Friday, December 21, 2007

the gut check (training notes 12-21-07)

you know the feeling. it happens to everyone. the time when you wake up one morning, and find yourself shuddering at the thought of the upcoming slate of workouts.

it's not that you're injured (although, at this point, you are very much hurting). it's not that you're overtraining (although, by now, you are definitely tired). it's not that you're sick (although, with Ironman, many would say you have to be some kind of sick to be doing this). in fact, there's really nothing wrong with you at all--at least, nothing enough to stop you from doing the workouts you should (and need...if you want to avoid having a really bad, really painful race day) to be doing.

the only thing there is, in truth, if there is any word to describe it, is dread.

or possibly distaste. or maybe fear. or even revulsion.

whatever. all you know is that it's not pleasant.

it's made even worse by the fact that somehow, inexplicably, perhaps stupidly, you made a very fateful decision to sign up for an early spring Ironman...meaning that you've signed up to be training all winter, and training hard, when everyone else with any semblance of sanity is enjoying the comforts of a nice long off-season, comfortably esconced in the warmth of their abodes, likely cuddling with a loved one with a very warm blanket and a very hot mug of hot chocolate, while you're out in the bitter winds and freezing cold getting blasted into the frozen hell that is the polar expeditions of each and every one of your workouts.

alone.

the only thing that pulls you out of bed, and into your running shoes, or bike, or wetsuit, and out the door to face the december and january weather by yourself is the very real knowledge that if you don't do this, you never will, and that this will ensure you pay a very heavy and very nasty and very unpleasant and very painful price on race day.

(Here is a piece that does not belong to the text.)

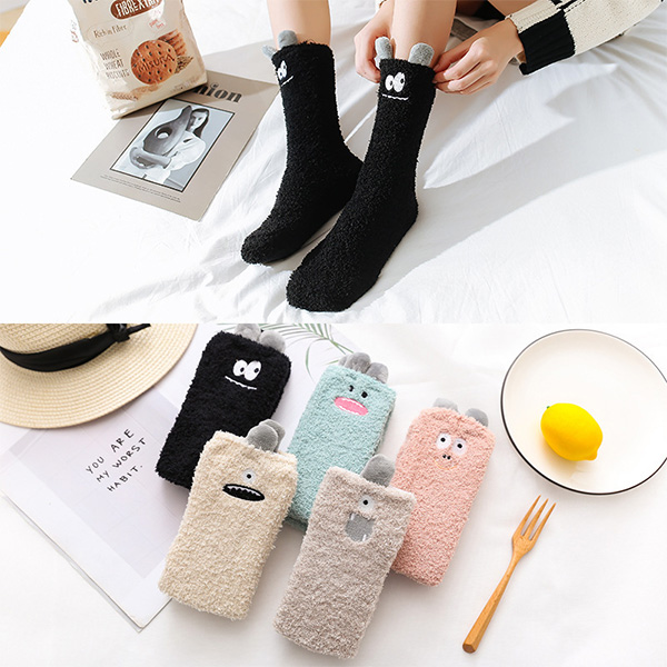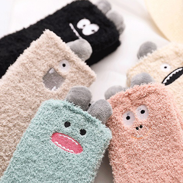 As the saying goes: "cold starts from the feet". So keeping your feet warm is an very important thing,that's why we suggest you these plush floor socks. The Little Monster embroidery design makes it look so cute and stylish,while the plush fabric design will keep your feet warm and comfy. In these cold days,these socks are your good choice.
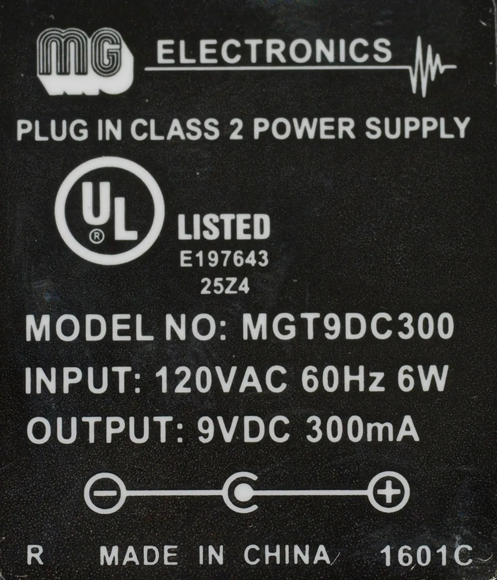 Unregulated Wall Transformer 9 Volt 300 mA 3 Watt 2.1mm Plug

not that race day is ever pleasant, but there's a difference being paying the price that's listed versus the price with a full training period's dose of interest added on top of it. the less you have to pay, the better.

and so you tell yourself to suck it up. and you make promises to yourself that you'll just make it through this next workout, and then you'll take a break. or make it to just this next hill, and then stop and assess how you feel. or you'll go for just a few minutes, and then figure out if you want to go on.

but you always do. and somehow, you make it to the next hill, and then all the ones after that. and you not only finish the workout, but also all the ones you had scheduled. and the only time you stop is when you had planned on your schedule to stop.

and when you do finally stop, and take a break, you do so with the realization, reassurance, and memory that you completed the hard workouts. all of them. even though you didn't want to...and it has made you better for it.

sometimes, the real reason for the hard workouts--the long ones, intense ones, the ones piled up in the times that people in the know euphemistically call "build weeks" (as opposed to what they often are: sheer and utter hell)--isn't so much for conditioning the body, but rather the mind.

you have to push yourself through these workouts, not because you can (because, barring injury or overtraining or sickness, but this stage in the training you really can), but to know you can. you have to do them, to 1) learn how to push yourself to do something you know will cause supreme discomfort, and 2) gain an awareness that you can push yourself to do something that will cause supreme discomfort...things that will very much happen on race day.

you need the gut check. because you need to know how to deal with it, especially when you're at mile 127, and suddenly, horrifyingly get the yawning, overwhelming, supremely disheartening realization. that. you. still. have. another. 13. miles. to. go.

afterwards, you can thank your gods for rest. but until then, there's only you, by yourself, plumbing the depths of your fortitude to finish the race.

...

so this build week, as you can tell, i hit some milestones: 16-mile run (with follow-up runs), 4200 yd swim and 4400m swim (difference in units because i had to switch pools from one that used yards to another than used meters...i personally prefer meters), and simulated hill work on the bike (and heavy weights). tough workouts. swim-heavy. i feel like i earned the recovery week. i'm back end of december, and then another 2-week build phase heavy on bike and run, and then recovery again before the last 2-week build phase, heavy on bike and swim. after that, taper into race week.

oooooooooooooooooooooooo-rah.

1 comment:

M said...

This is dead-on. I am training for IM Arizona this winter in Chicago, and just wen through this same thing this past week. Thanks for writing it.